Steiner signed with Puma in mid-2022 and began experiencing foot problems in 2023 that led to multiple procedures and time away from competition, reporting and the lawsuit say, per The Columbus Dispatch. She finished sixth in the 200 meters at the 2024 U.S. Olympic Trials and in August 2025 announced she was taking a step back from pro racing while pursuing graduate studies; local reporting and Steiner's posts place her in Columbia, South Carolina and enrolled in a master’s program. The complaint says further surgeries through 2025 did not restore her to full competitive form, prompting the legal filing.

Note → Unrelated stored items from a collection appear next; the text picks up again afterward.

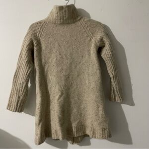 Cozy cream cardigan with button front. Features ribbed sleeves and pockets. High collar design.
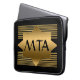 Fondo negro con diseño geométrico digital dorado en negrita con un toque Art Déco. Monograma personalizado en el centro
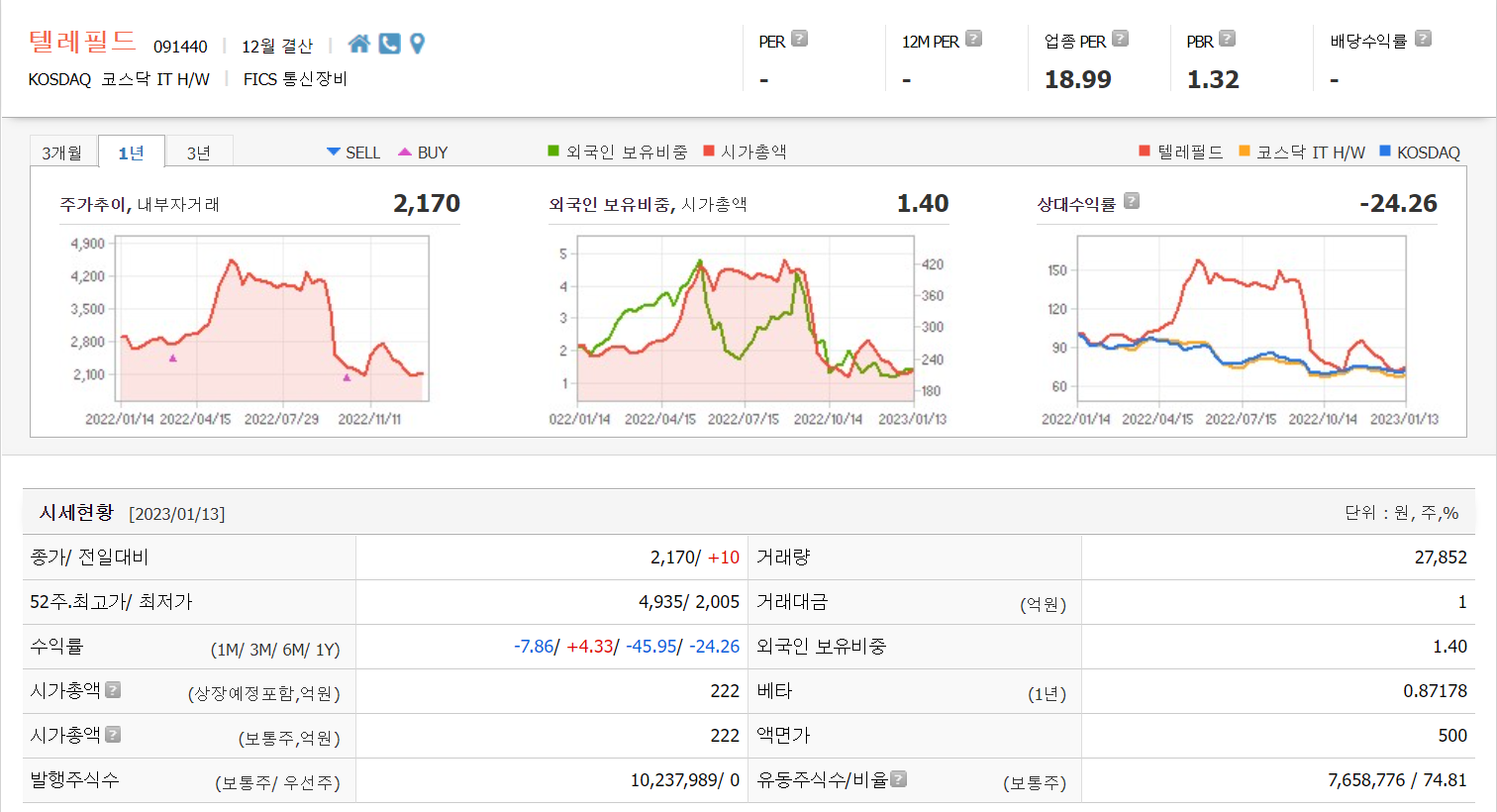 텔레필드는 2019년 500억 매출을 시작으로 2020년 2021년 300억 중반에서 400억대 매출을 올리고 있으나 2년 년 연속 적자를 유지하고 있씁니다. 유보율과 부채비율은 그렇게 괜찮은 편은 아닙니다.
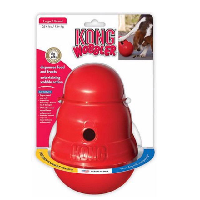 [오리지널 강아지 장난감] 오뚝이 KONG 워블러 는 반려견에게 사료를 더욱 효과적으로 급여하기 위하여, 만들어진 기능성 장난감으로 제작된 상품으로, 반려견이 코나 손으로 워블러를 치게되면 구르고 회전하며, 간식과 사료를 떨어뜨리는 장난감입니다. 이는 빠르게 밥을 먹는 아이들이나 출근 때문에 아침에 허겁지겁 나가느라 반려견의 밥을 제대로 챙겨주지 못하는 보호자들에게 효과적으로 사용될 수 있습니다.
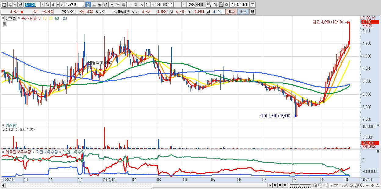 - 유엔젤 (4,670원 ▲ 8.6% , 시총: 616억, 거래량: 762,831, 거래대금:35억, KOSPI)
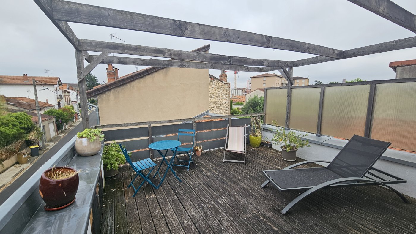 La terrasse de 15 m² permet de profiter d'un espace extérieur agréable le temps d'un apéro ou un bon repas en famille.
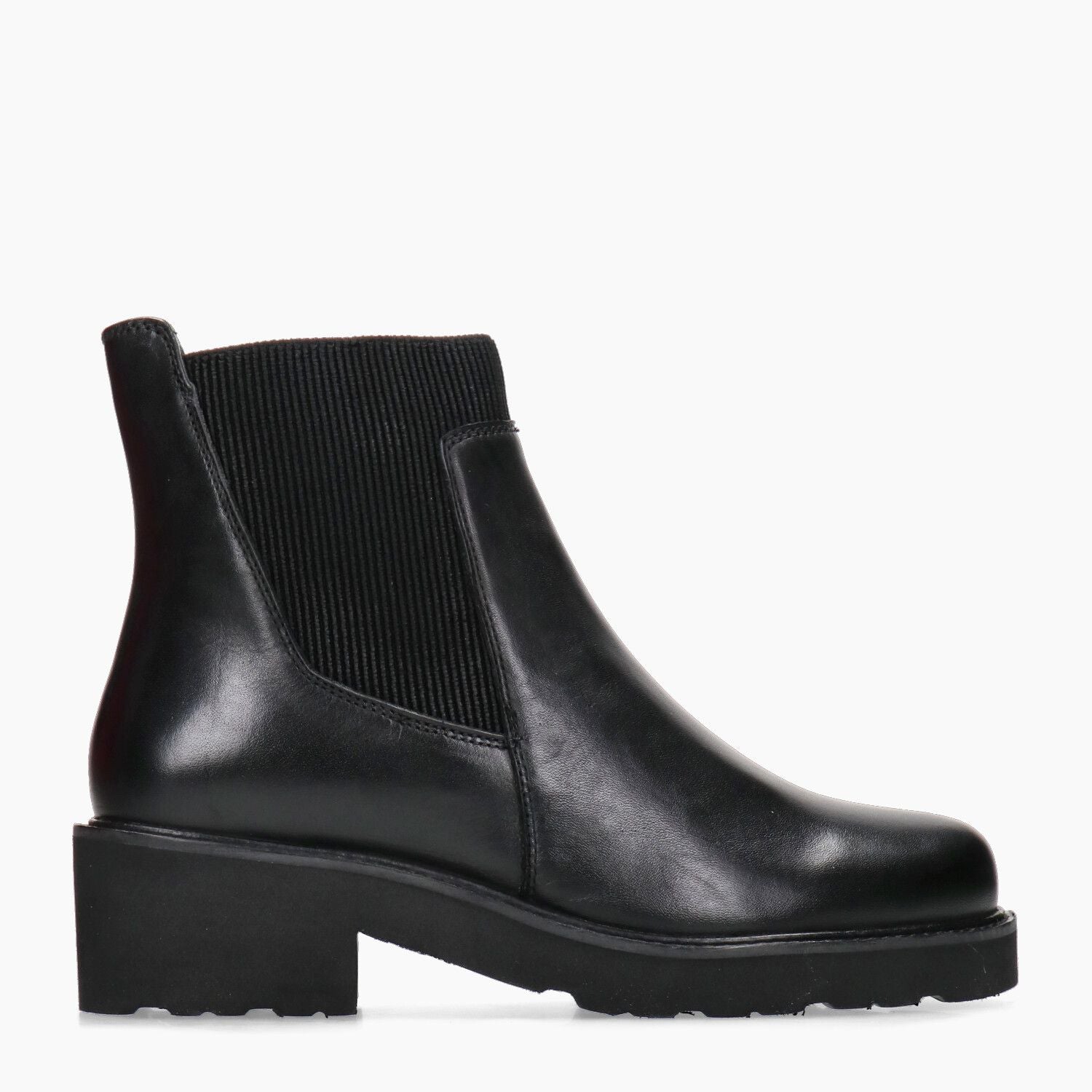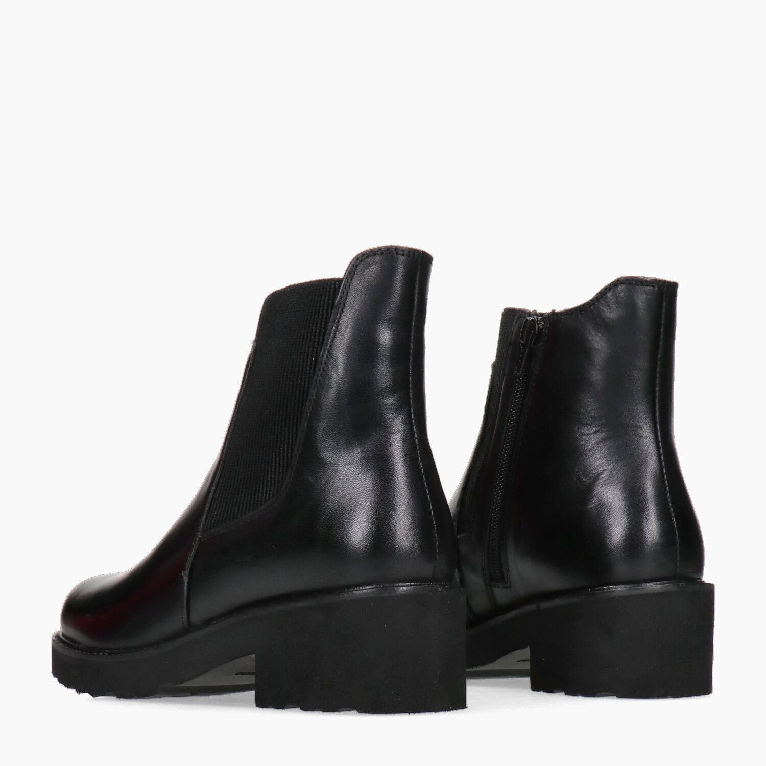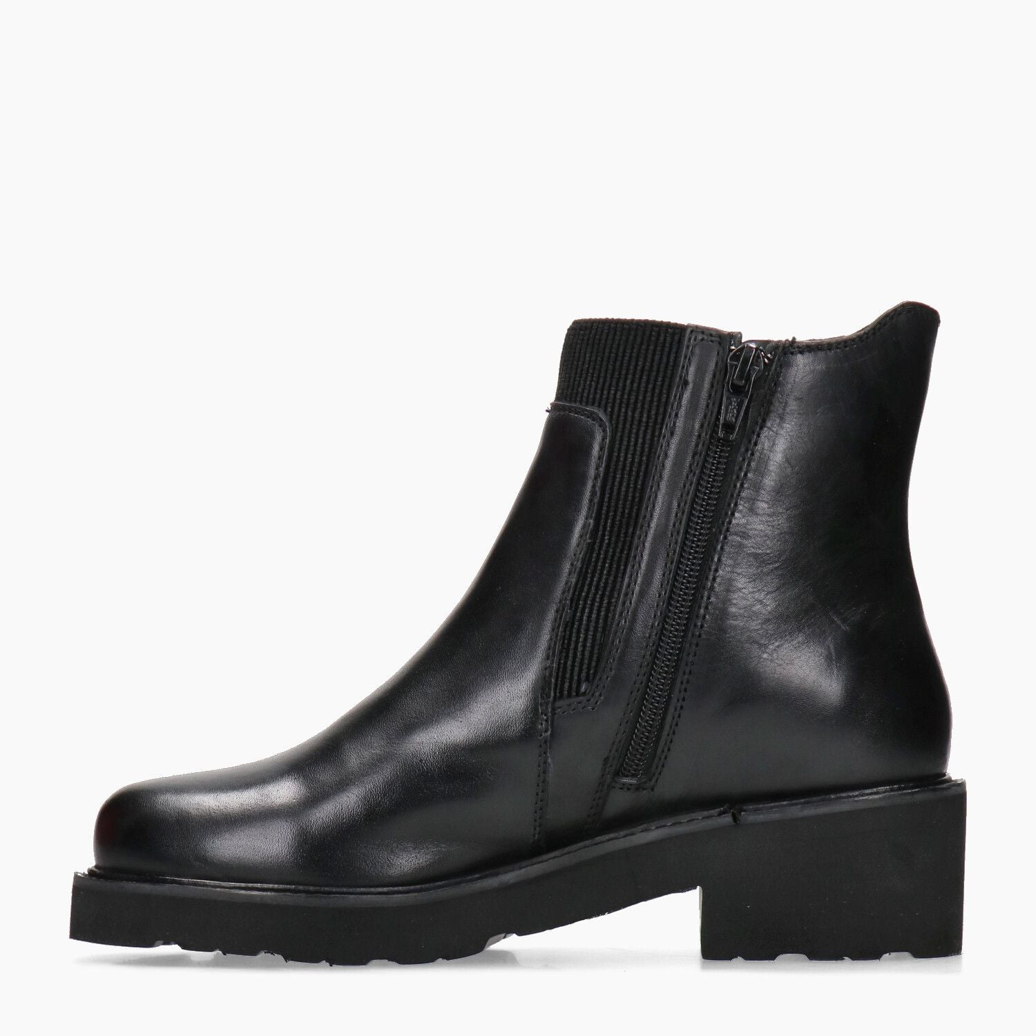 Schwarze Stiefeletten aus Leder und Textil. Innenfutter aus Leder und Textil. Feste Lederinnensohle. Gerippter Gummizug an der Seite und innenliegender Reißverschluss. Mikroporöse Gummisohle mit 4 cm Absatz. Melluso Damen Herbst/Winter Kollektion.

How the shoes are said to work

The complaint centers on features that have defined the latest performance-shoe boom: curved carbon-fiber plates and high-energy midsole foams that change bending stiffness and loading at the foot. Peer-reviewed research shows advanced, carbon-plate footwear can alter strike patterns and reduce some mechanical loads, but experts remain divided about whether those changes heighten risk for particular bone-stress injuries in certain athletes; see the biomechanical analysis in Scientific Reports and explanatory coverage in Live Science for background.

Legal claims and next steps

The filing advances traditional product-liability causes of action, including negligent products liability, manufacturing and design defects, failure to warn and breach of warranty, and asks a judge or jury to award damages for past, present and future medical care, lost earnings and non-economic harms. Front Office Sports and legal outlets report the case was lodged in Massachusetts Superior Court and specifically names Mercedes-Benz Grand Prix because of its role in spike design.

Responses and what to watch next

Puma and Mercedes did not immediately respond to requests for comment, local reporting noted, and no attorney appearance had been entered on the docket as of the initial coverage. The Columbus Dispatch says a procedural response deadline on the case will set the schedule for early motions and any settlement talks. Observers say the litigation will turn on whether the complaint can link particular shoe components to the specific medical diagnoses in Steiner’s records.

Steiner, a Dublin Coffman High School graduate and former Kentucky standout who holds U.S. indoor marks in the 200- and 300-meter events, is pursuing graduate study while the case moves through court. The suit is likely to draw close interest from athletes, coaches and footwear companies as it tests where performance innovation ends and consumer safety begins.